I would divide by the IDF of a word to give the growth of more popular words more weight.
IDF[word] = log(D/(df[word))
where D is the total number of documents (e.g. for Twitter it would be the total number of tweets) and df[word] is the number of documents containing word (e.g. the number of tweets containing a word).
A high IDF corresponds to an unpopular word whereas a low IDF corresponds to a popular word.
The problem with your approach (measuring daily growth in percentage) is that it disregards the usual "background level" of the word, as your example shows; 'europe' grows more quickly than 'recession', yet is has a much lower score.

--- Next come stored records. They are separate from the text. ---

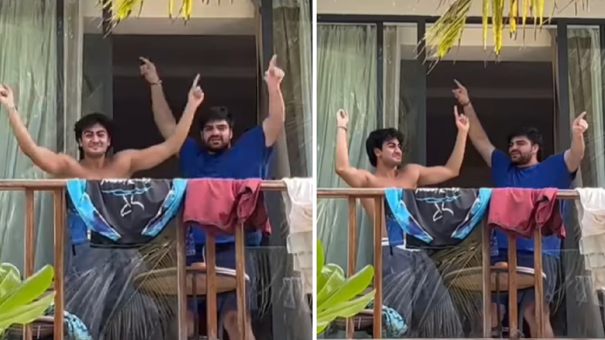 वायरल हो रहे इस वीडियो में अयान और अरहान फुल मस्ती में नजर आ रहे हैं। दरअसल दोनो कजिन्स बालकनी में नजर आ रहे हैं और डांस कर रहे हैं। हालांकि वो ऐसा क्यों कर रहे हैं इसको लेकर कुछ सामने नहीं आया है। अरहान खान शर्टलेस हैं और काफी मस्ती करते हुए दिख रहे हैं। इसके अलावा कुछ और तस्वीरें अयान ने साझा की हैं जिनमें अरहान और वो खुद नजर आ रहे हैं। कभी बीच में दिख रहे हैं तो कभी अलवीरा की बेटी अलीजेह भी साथ में नजर आ रही है। तस्वीरें और वीडियो के सामने आते ही लोग हैरान हैं और कमेंट्स कर रहे हैं।
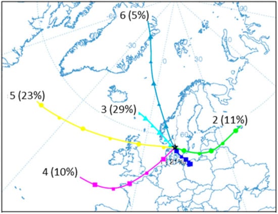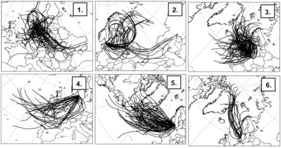To further evaluate the origin of the detected particles, back trajectories of air masses reaching Gothenburg were calculated and analyzed by group analysis. The results from a six-group solution are presented in Figure 6, where the traces for individual back trajectories are indicated. Figure 7 shows the resulting mean trajectories for the six group solutions and the relative contribution to each cluster in percent. Some of the clusters consist of trajectories with a complex pattern, while some were more directed from a certain region. The individual clusters are attributed to different regions of origin for the air masses: Central (C), Eastern (E), Northern (N), and Western Europe (W), as well as clusters with Atlantic (A) and Polar (P) origin.
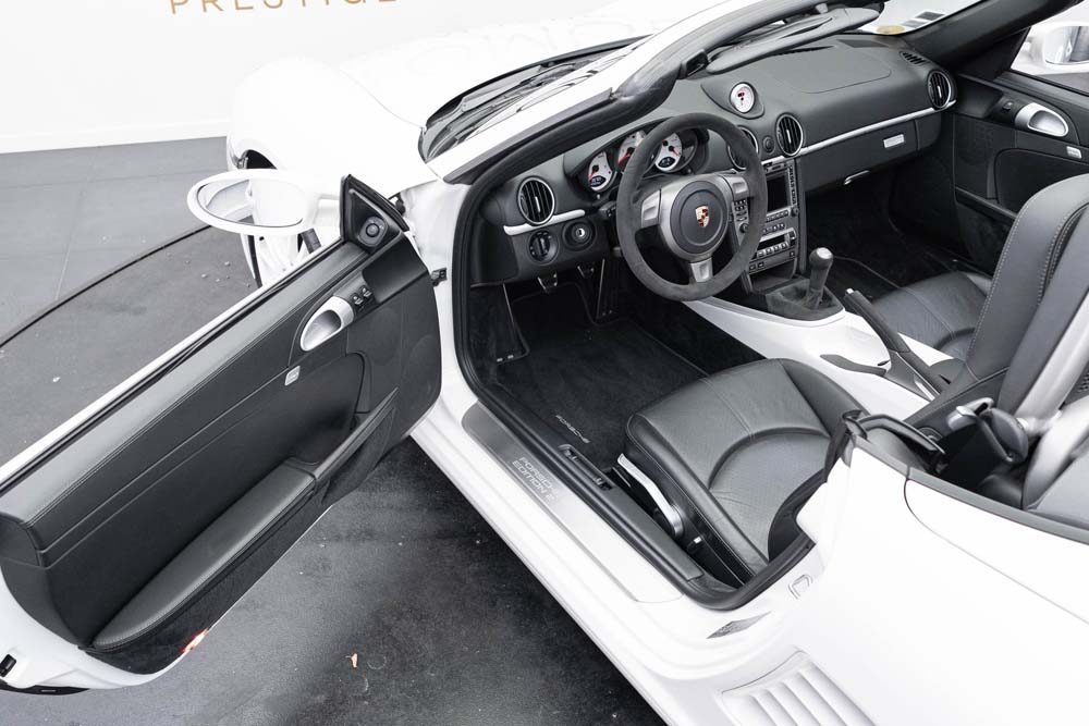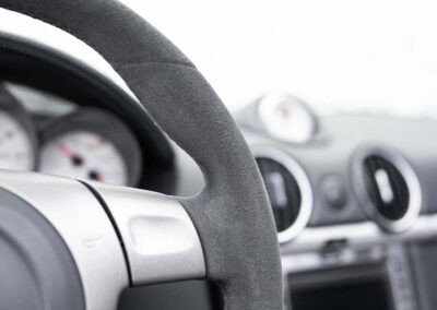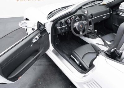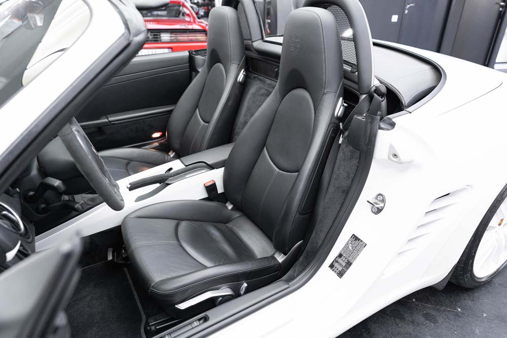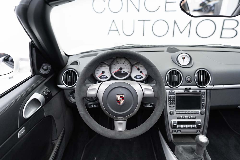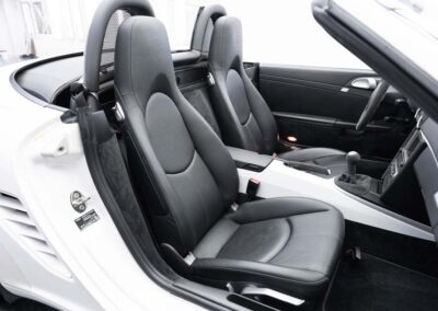 La Boxster S Design Edition 2 fait partie de ces rares modèles pensés pour les passionnés les plus exigeants. Produite à seulement 500 exemplaires dans le monde, elle incarne la pureté de la ligne Porsche, sublimée par une configuration exclusive : blanc intégral, fond de compteur assorti, volant Alcantara, jantes peintes couleur carrosserie. Une Porsche à part, à la fois légère, vivante, et parfaitement équipée, pour un plaisir de conduite authentique, en boîte mécanique, avec un flat-6 atmosphérique de 303 ch.
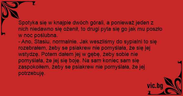Spotyka się w knajpie dwóch górali, a ponieważ jeden z nich niedawno się ożenił, to drugi pyta się go jak mu poszło w noc poślubna.
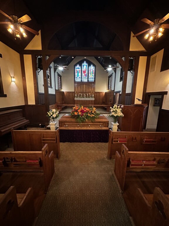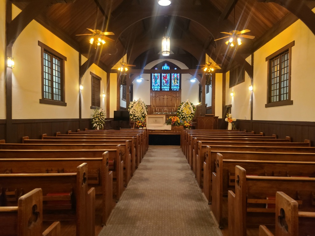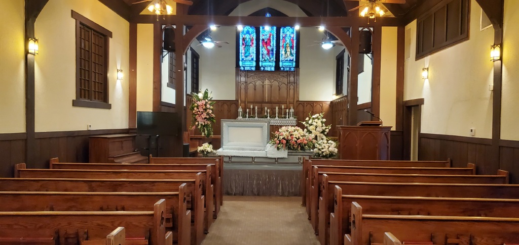 (Parking in front of the chapel is reserved for immediate family and drop-off for those who require assistance)

If the background level of words has a well-behaved distribution (Gaussian, or something else that doesn't wander too far from the mean) then I think a modification of CanSpice's suggestion would be a good idea. Work out the mean and standard deviation for each word, using days C-N+1-T to C-T, where C is the current date, N is the number of days to take into account, and T is the number of days that define a trend.
Say for instance N=90 and T=3, so we use about three months for the background, and say a trend is defined by three peaks in a row. In that case, for example, you can rank the words according to their chi-squared p-value, calculated like so:
(mu, sigma) = fitGaussian(word='europe', startday=C-N+1-3, endday=C-3)
X1 = count(word='europe', day=C-2)
X2 = count(word='europe', day=C-1)
X3 = count(word='europe', day=C)
S = ((X1-mu)/sigma)^2 + ((X2-mu)/sigma)^2 + ((X3-mu)/sigma)^2
p = pval.chisq(S, df=3)
Essentially then, you can get the words which over the last three days are the most extreme compared to their background level.
I would first try a simple solution. A simple weighted difference between adjacent day should probably work. Maybe taking the log before that. You might have to experiment with the weights. For examle (-2,-1,1,2) would give you points where the data is exploding.
If this is not enough, you can try slope filtering ( http://www.claysturner.com/dsp/fir_regression.pdf ). Since the algorithm is based on linear regression, it should be possible to modify it for other types of regression (for example quadratic).
All attempts using filtering techniques such as these also have the advantage, that they can be made to run very fast and you should be able to find libraries that provide fast filtering.